Table 1 Summary of C. bowringi transcriptome assembly

Homology analysis and Gene Ontology (GO) annotation

Among the 41,761 unigenes, 18,903 were matched by a Blastx similarity of the entries in the NCBI non-redundant (nr) protein database, with a cut-off E-value of 10−5. The highest match percentage (54.60 %) was to Tribolium castaneum (red flour beetle) sequences followed by Dendroctonus ponderosae (16.70 %), Acyrthosiphon pisum (pea aphid) (2.50 %), Diaphorina citri (asian citrus psyllid) (1.90 %) and Bombyx mori (silkworm) (1.30 %) (Additional file 2: Figure S2).

Gene Ontology (GO) annotation was used to classify transcripts into functional groups according to the GO category.

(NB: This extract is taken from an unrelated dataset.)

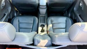 Komfort jazdy tu podporuje aj výkonná elektrická klimatizácia a celkovo výborné odhlučnenie v elektrickom režime. Praktická stránka už mierne zaostáva za dnešnými štandardmi. Kufor je naozaj plytký a malý, pretože ho obmedzuje dobová technika. Zadné sedadlá sú len dve a stredový tunel jasne ukazuje, kto tu velí.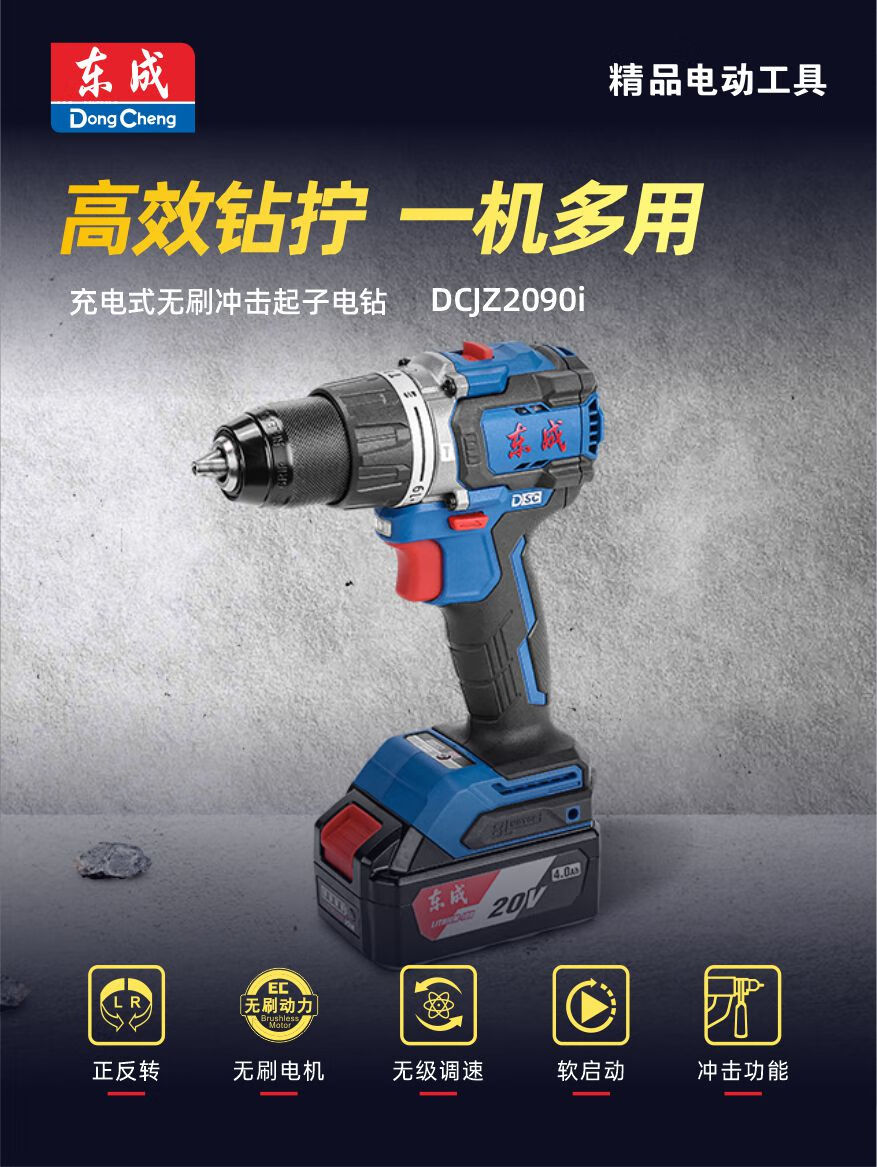 Dongcheng 20V lithium battery rechargeable brushless impact drill DCJZ2090i household multi-functional hand drill driver DCJZ2090i bare metal

Of the 41,761 unigenes, 14,147 (33.87 %) could be annotated based on sequence similarity. In the molecular function category, the genes expressed in the antenna were mostly associated with binding, catalytic, and transporter activities. In the biological process category, cellular, metabolic, and single-organism processes were the most represented. In the cellular component category, cell, cell part, and organelle were the most abundant groups (Additional file 3: Figure S3).

Identification of candidate chemosensory genes

By similarity analysis, a total of 104 transcripts belonging to gene families putatively involved in insect chemoreception were identified, including OBPs (26 transcripts), CSPs (12 transcripts), SNMPs (four transcripts), ORs (43 transcripts), IRs (9 transcripts) and GRs (10 transcripts) (Tables 2 and 3). Compared with insects where the chemosensory genes had been identified by analyzing either the genome or transcriptome, the number of candidate chemosensory genes identified here in C. bowringi was similar to those in D. ponderosae (111) and more than I. typographus (80), but less than in T. castaneum (642) (Fig. 1).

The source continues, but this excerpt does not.